(Data records)
*** Block opens ***

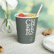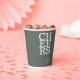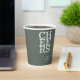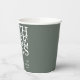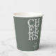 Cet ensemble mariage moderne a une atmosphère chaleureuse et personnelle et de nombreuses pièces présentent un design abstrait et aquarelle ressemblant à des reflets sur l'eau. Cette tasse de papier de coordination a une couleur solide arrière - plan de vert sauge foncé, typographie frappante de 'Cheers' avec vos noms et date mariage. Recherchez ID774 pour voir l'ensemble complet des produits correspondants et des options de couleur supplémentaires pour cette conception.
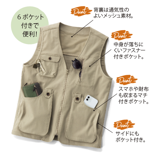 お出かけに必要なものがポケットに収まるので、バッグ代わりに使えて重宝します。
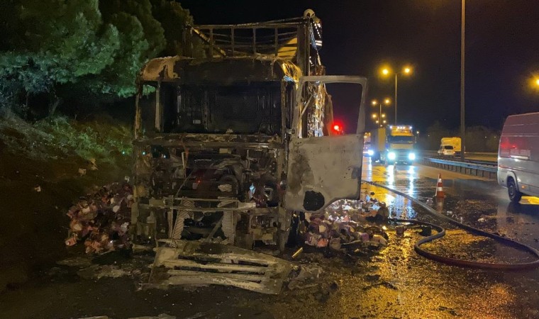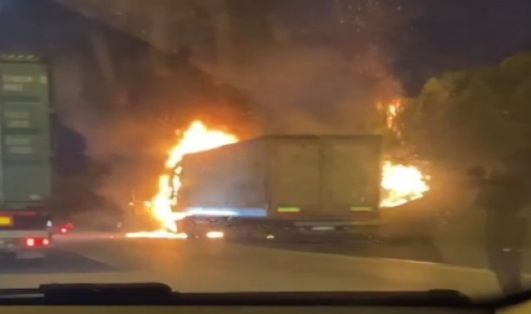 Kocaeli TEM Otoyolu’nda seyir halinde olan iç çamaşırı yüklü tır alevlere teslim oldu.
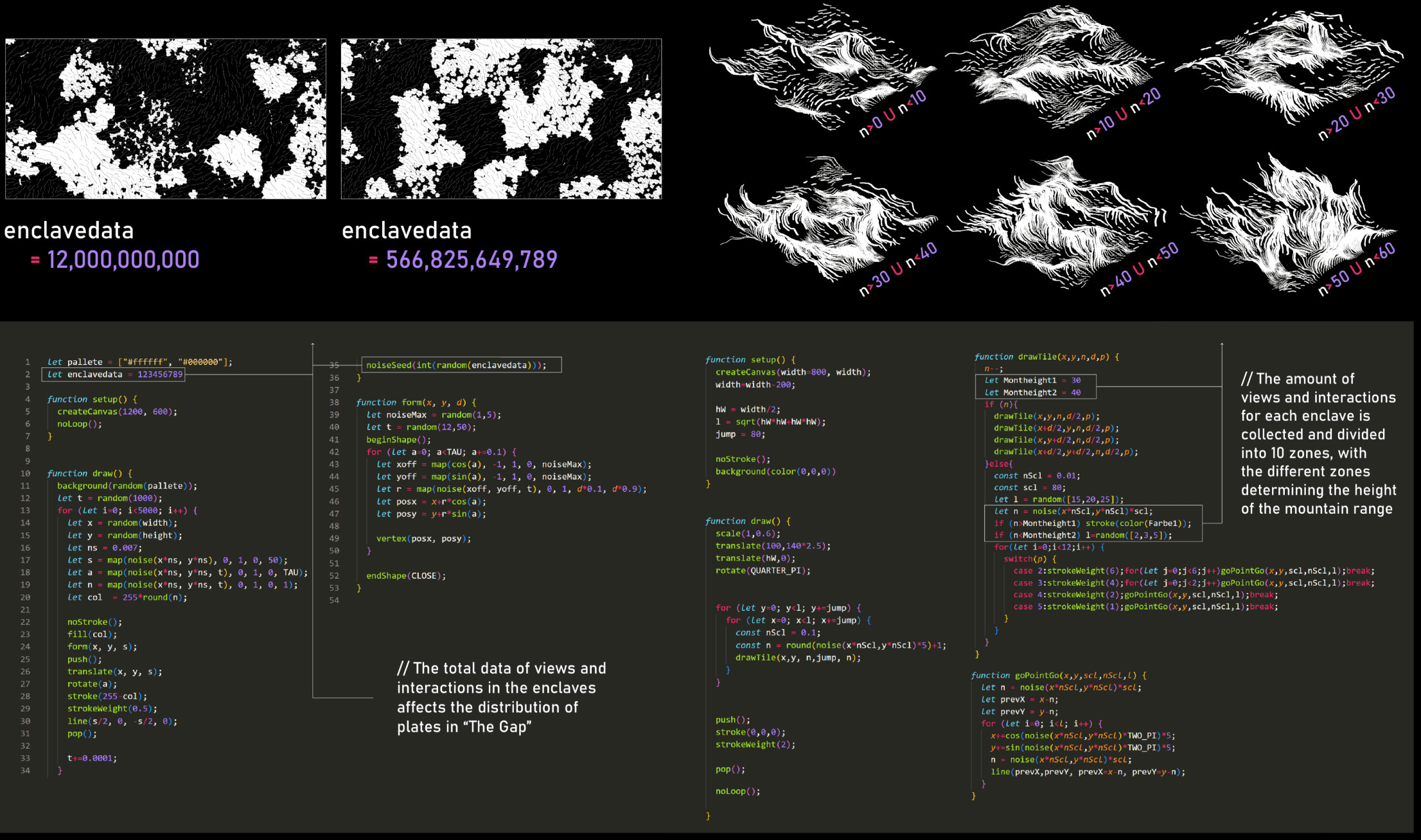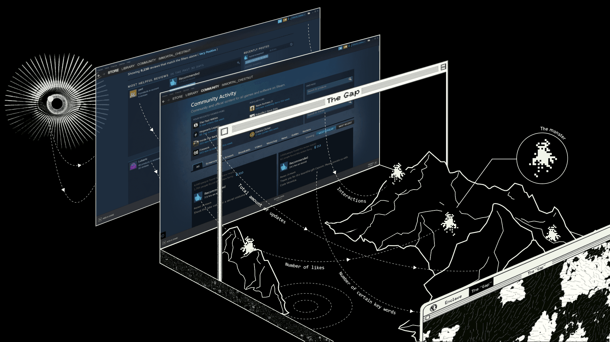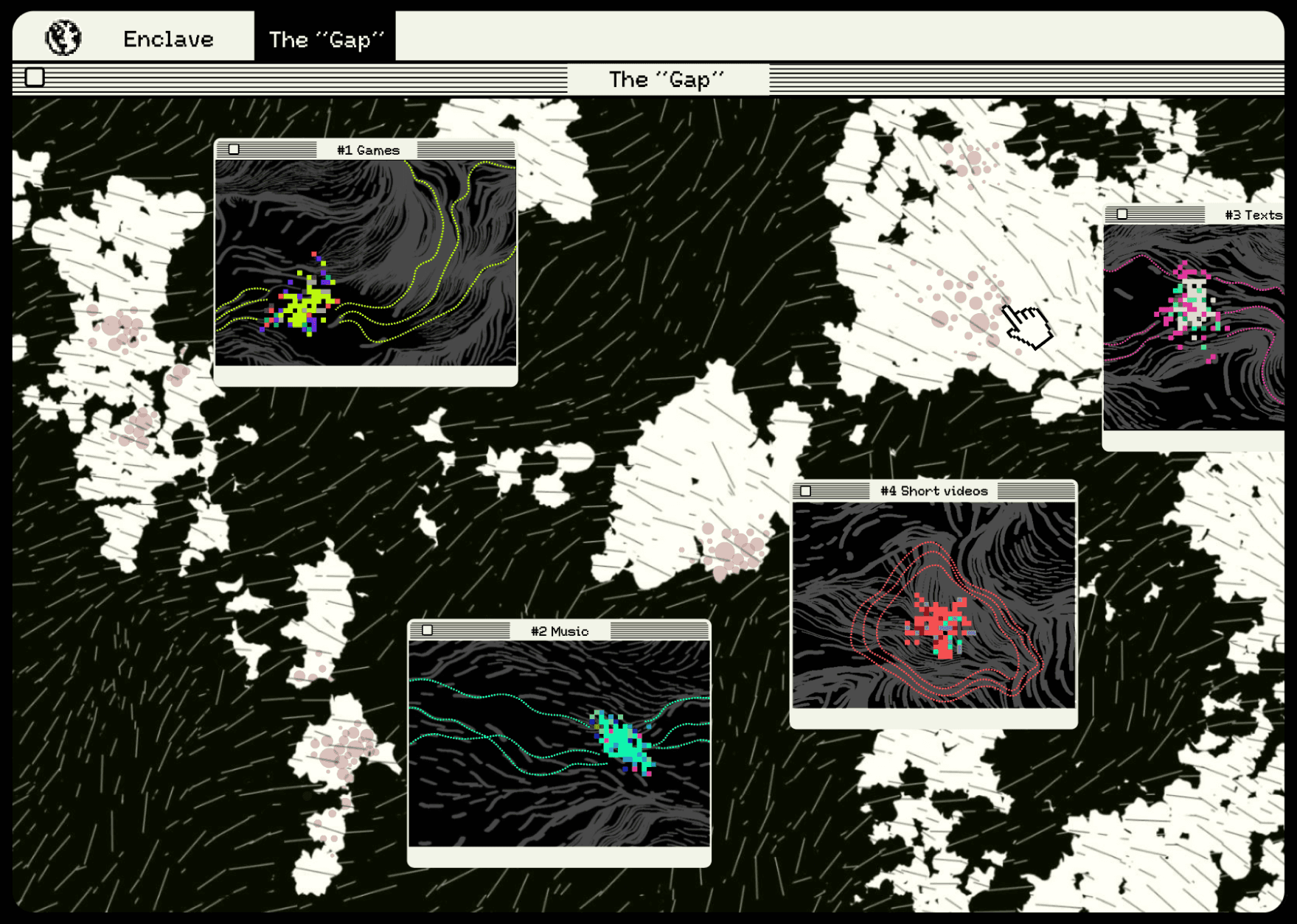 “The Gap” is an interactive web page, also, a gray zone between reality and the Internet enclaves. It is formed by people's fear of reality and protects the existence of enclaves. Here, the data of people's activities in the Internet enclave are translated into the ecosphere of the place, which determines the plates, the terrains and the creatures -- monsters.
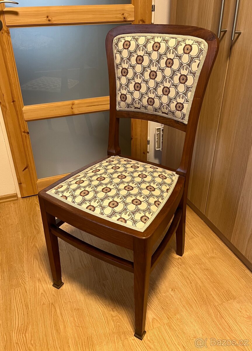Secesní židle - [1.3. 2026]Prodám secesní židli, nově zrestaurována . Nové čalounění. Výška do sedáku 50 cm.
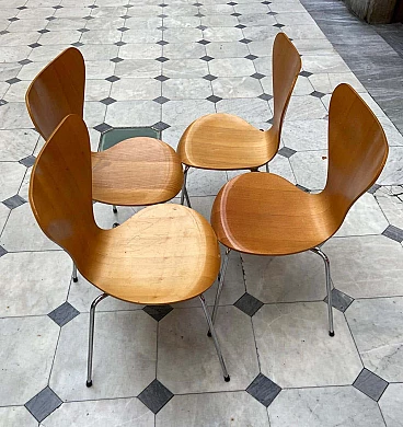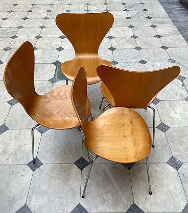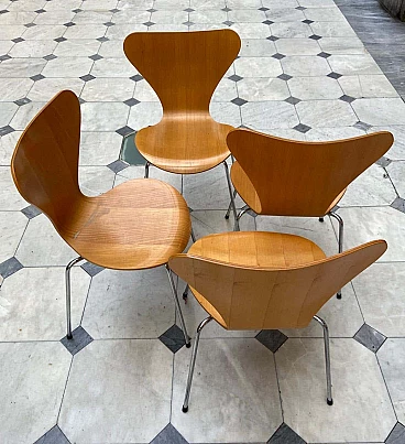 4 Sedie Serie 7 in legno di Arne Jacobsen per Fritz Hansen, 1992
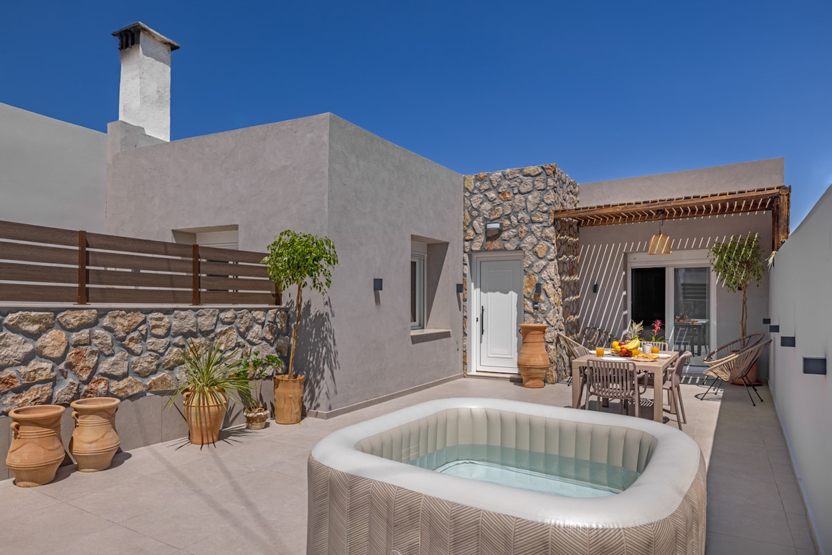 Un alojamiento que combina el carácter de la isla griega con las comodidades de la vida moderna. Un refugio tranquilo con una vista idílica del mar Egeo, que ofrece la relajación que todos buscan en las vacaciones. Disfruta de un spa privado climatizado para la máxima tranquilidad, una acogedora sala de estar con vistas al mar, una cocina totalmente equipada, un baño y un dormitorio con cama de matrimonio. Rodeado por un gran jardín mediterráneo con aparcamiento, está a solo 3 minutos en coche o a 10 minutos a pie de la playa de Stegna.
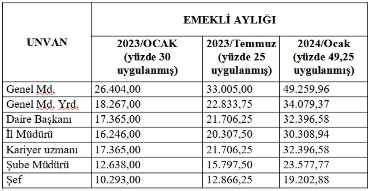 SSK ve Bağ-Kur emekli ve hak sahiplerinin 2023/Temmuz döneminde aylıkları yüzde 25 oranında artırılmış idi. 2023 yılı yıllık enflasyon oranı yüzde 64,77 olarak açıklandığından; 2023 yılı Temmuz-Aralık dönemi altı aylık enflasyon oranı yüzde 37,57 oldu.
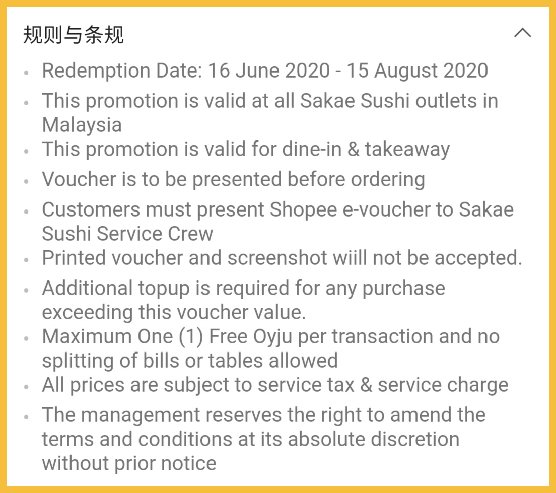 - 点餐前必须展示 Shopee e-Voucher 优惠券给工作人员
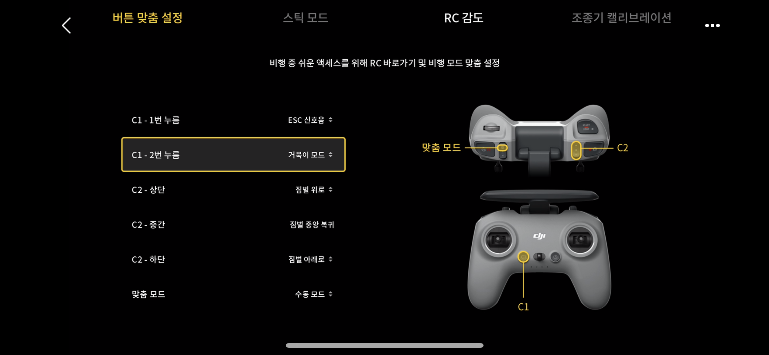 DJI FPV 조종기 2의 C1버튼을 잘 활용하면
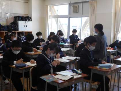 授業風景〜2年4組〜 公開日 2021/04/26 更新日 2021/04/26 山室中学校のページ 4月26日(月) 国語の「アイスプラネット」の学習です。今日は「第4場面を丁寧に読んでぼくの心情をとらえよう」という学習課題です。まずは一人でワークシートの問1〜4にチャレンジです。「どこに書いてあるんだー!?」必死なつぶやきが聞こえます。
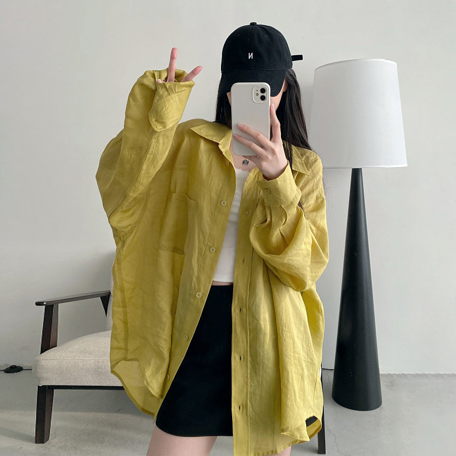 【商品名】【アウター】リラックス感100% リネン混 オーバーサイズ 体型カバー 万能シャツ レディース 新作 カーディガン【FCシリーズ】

*** Block closes ***

EXERCISE: What to print is the stretch of entries from the line with "お出かけに必要なものがポケットに収まるので、バッグ代わりに使えて重宝します。" up to and including the line with "4 Sedie Serie". Please print it exactly and leave out the pictures.

EXERCISE OUTPUT:
 お出かけに必要なものがポケットに収まるので、バッグ代わりに使えて重宝します。
 Kocaeli TEM Otoyolu’nda seyir halinde olan iç çamaşırı yüklü tır alevlere teslim oldu.
 “The Gap” is an interactive web page, also, a gray zone between reality and the Internet enclaves. It is formed by people's fear of reality and protects the existence of enclaves. Here, the data of people's activities in the Internet enclave are translated into the ecosphere of the place, which determines the plates, the terrains and the creatures -- monsters.
Secesní židle - [1.3. 2026]Prodám secesní židli, nově zrestaurována . Nové čalounění. Výška do sedáku 50 cm.
 4 Sedie Serie 7 in legno di Arne Jacobsen per Fritz Hansen, 1992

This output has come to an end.